Incident Report for Hevo

Resolved

Thank you for your patience while we worked on this issue. We encountered an incident where tasks for all entities—Models, Pipeline Ingestion tasks, and Destination Load tasks—were not executing as expected. This incident has come up due to a recent outage on the US cluster.

We have now resolved the issue. As a result, you may have noticed delays in ingestion/loading tasks or missed model run triggers. Moving forward, all scheduled tasks will run as expected and will be automatically recovered in the next schedule.

Our development team has identified and implemented a fix for this issue. We truly appreciate your patience and understanding while we worked on resolving this. We sincerely apologise for any inconvenience this may have caused.

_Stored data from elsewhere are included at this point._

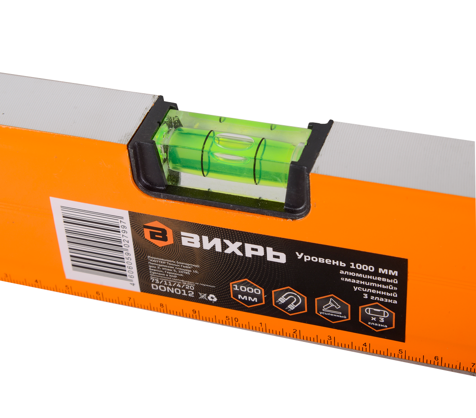Уровень алюминиевый «Магнитный» 1000 мм 3 глазка фрезерованный Вихрь - это профессиональный инструмент, предназначенный для точного измерения уровня и наклона поверхностей.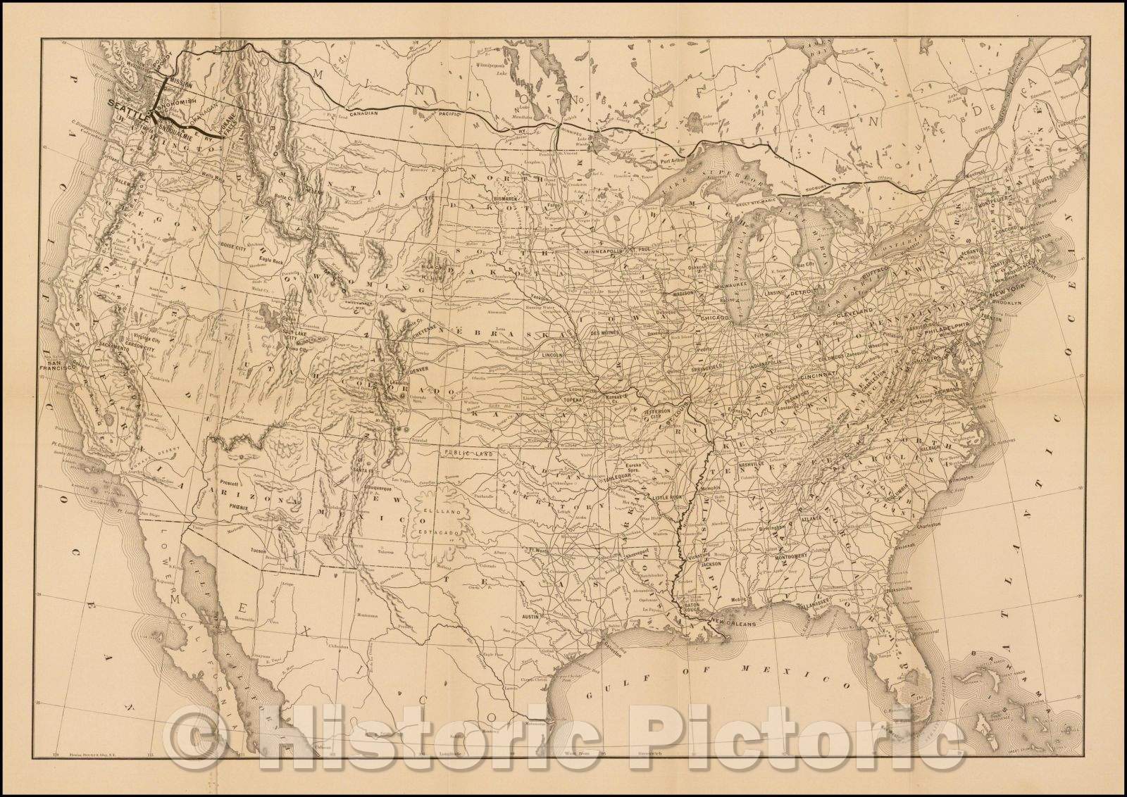 • .Historic Map - Map of United States, Showing Routes of Seattle, Lake Shore & Eastern Railway and Canadian Pacific Railway, 1888, Flemming, Brewster & Alley - Vintage Wall Art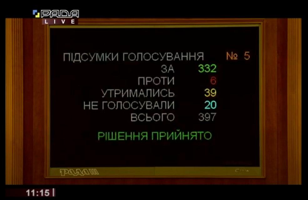 Проект постановления ВРУ, внесенный президентом Владимиром Зеленским, поддержали 332 депутата.

Please note that if there are any pipelines/models where the schedule interval is high (about 3 hours or more) and you need the data on an urgent basis, please trigger these entities manually to make sure they run as expected.
Posted Mar 07, 2025 - 16:51 UTC

Monitoring

The US cluster has been moved out of read-only mode, and we are monitoring the changes.
Posted Mar 07, 2025 - 15:24 UTC

Identified

The issue has been identified, and a fix is currently being implemented. During this process, the US cluster will remain in read-only mode for a period of time.
Posted Mar 07, 2025 - 14:57 UTC

Investigating

We are currently investigating the issue.
Posted Mar 07, 2025 - 14:35 UTC
This incident affected: US Cluster (Data Pipelines).